“Nothing comes amiss, so money comes withal”
— William Shakespeare, The Taming of the Shrew
Whatever The Bard meant, his blurb would stretch nicely over much of today’s literature portraying Milton Friedman’s preferred system for school choice and its fiscal and legal structure. It is hard to stay simple and clear on this subject. (I have failed for 60 years.)
That’s why it was my great pleasure to read two exceptions in the recent exchange between Derrell Bradford, president of choice champion 50CAN, and Michael J. Petrilli, president of the like-motivated Thomas B. Fordham Institute and an executive editor of Education Next. These two school policy pros exchange friendly taps over ideal statutory form(s) for the liberation and practical empowerment of lower-income American parents to escape their subordinate lot and exercise their constitutional right to shop and choose in an open market of (at last) truly public schools.
I found both essays excellent—differing from each other and, in Bradford’s case, from my own views. Petrilli and I prefer that subsidies for education be tailored in size to the need of the individual family. Bradford contends that, where state or local law and politics favor extension of dollars beyond need, the ballot box should be allowed to enlist (buy?) the political verve in all—rich and poor. Despite this difference, each author hopes for positive social and educational blessings from his political charity. Both may be right. The late Steve Sugarman and I often wandered in Bradford’s direction with subsidies to be scaled by wealth—but even a token amount for the top tier. This might prove politically necessary in some states, and—if prudently designed—still be a step in the right direction.

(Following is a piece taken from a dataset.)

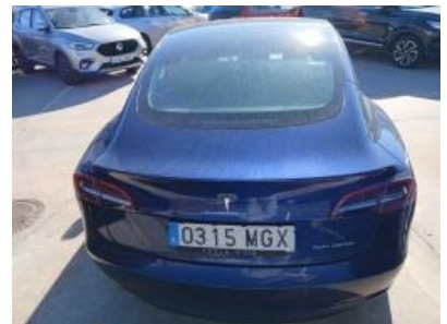
Imagen - 18

Friedman’s apparent lack of moral qualms about disregarding family need was not, I think, a signal of indifference to the lot of our lower-income classes. Rather, it reflected his intense devotion to the intellectual image of a “free market” (even where subsidized by government and compulsory for consumers) that would make personal wealth of the buyer irrelevant. While the common good requires the state to assure schooling for all, it could do so most efficiently, in Friedman’s view, by spreading subsidies for children of the same age equally to all parents. When dollars go in equal sum to all parents, however, a state has reduced the subsidy for families with authentic need. I have thus never been able to make sense of handouts to comfortable families.
As foreseen by a cadre of 19th-century prophets, such a system of parental choice of “public” school by location of residence offered the upper-income parent the opportunity to protect their child from corruption by classmates from incoming hordes of strange and unpredictable immigrants. The real estate markets quickly took their cue—thus, my own address among others of my class.

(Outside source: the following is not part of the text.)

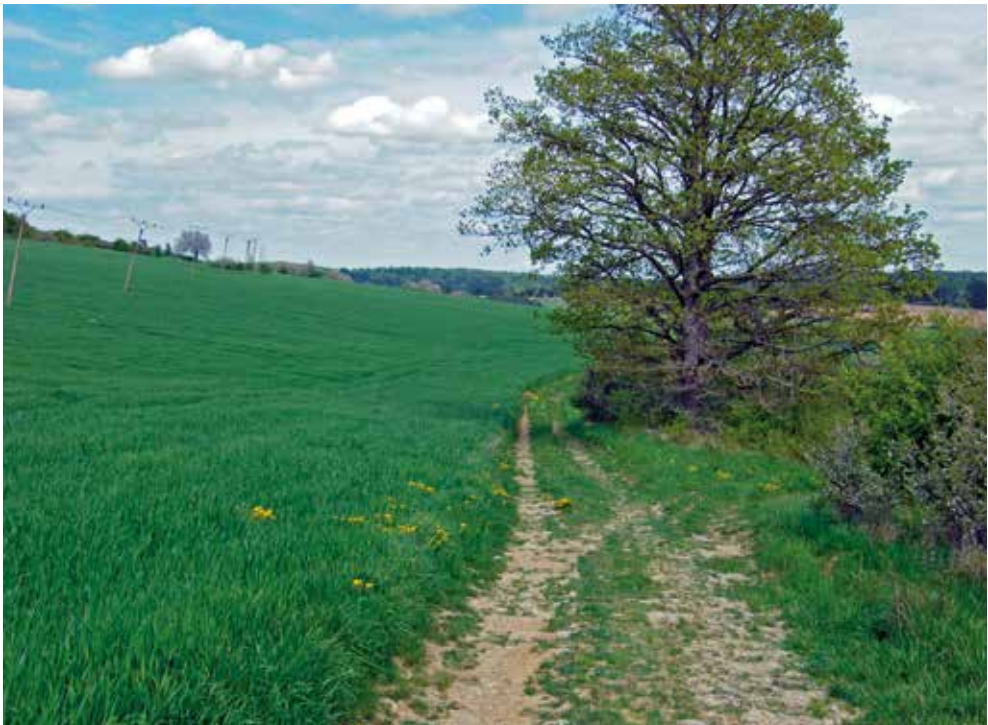
Orientierungs-GAU vor Gauerstadt: Augen auf und durch

Nachdem ich mich hinter Coburg wieder einmal arg verfahren hatte – war die Radwegbeschilderung zu schlecht oder ich einfach zu blind, um sie zu erkennen? – erspähte ich nach vielen Umweg-Kilometern über Wald-, Wiesen- und Holzwege am

The disqualification of children from every school but the one located in their “attendance zone” came to define admissibility in America’s pseudo-public system. Even today the typical impoverished child learns in the company of neighborhood kids of her own social class. The effects are not secret. This “public” sequestration of lower-class kids has proved limiting and socially defining, just as foreseen, even by many of its designers.

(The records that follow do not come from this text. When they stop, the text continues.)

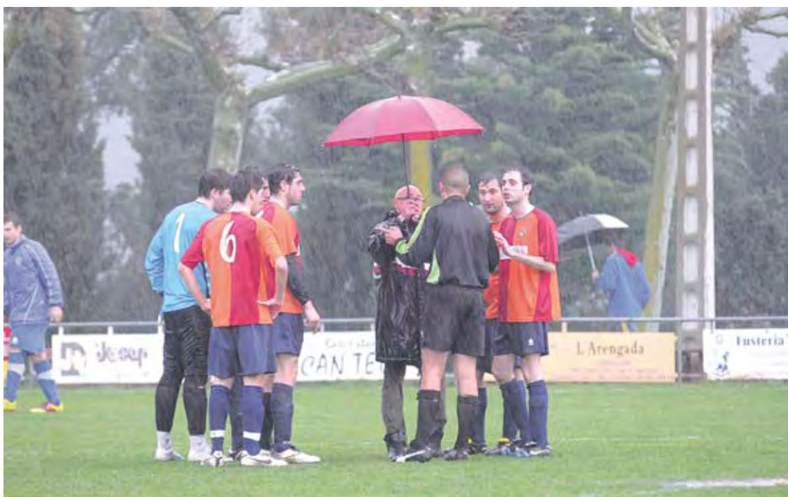
IMPOSSIBLE. Els jugadors del Sant Miquel conversen amb l'àrbitre del partit que havien de jugar a Agullana
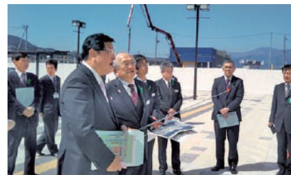
大船渡市において、戸田市長からBRT(バス高速輸送システム)大船渡駅周辺地区の土地区画整理事業等の説明を受ける。
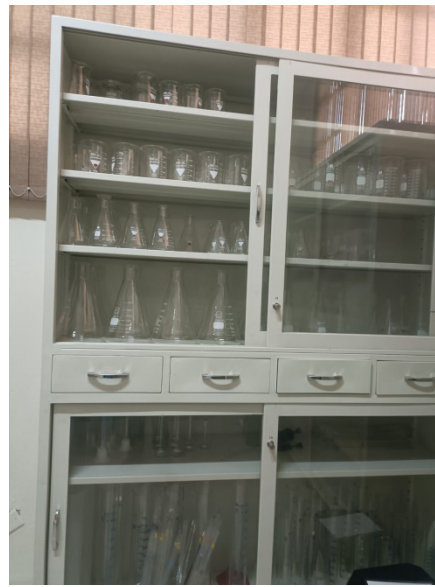
Foto 11 Erlenmeyer, vasos de precipitados

The disqualification from every school but that one down the street demanded both the child’s presence and that of local age-mates of the same economic means. His better-off cousin lives more comfortably a zone or two away with parents who could afford a residence that qualifies him for its popular district school. The effects of such individual initiative and our trust of (only) lucky parents are, at best, mixed. It takes no psychiatrist to see the corrupting effects upon child, parent, family, and the social order when students experience schooling only in a community of social peers. Our society keeps it extremely difficult to reform this civil calamity, but minds like Bradford and Petrilli give me hope. Many states seem in the midst of a spasm of reforms, some very promising.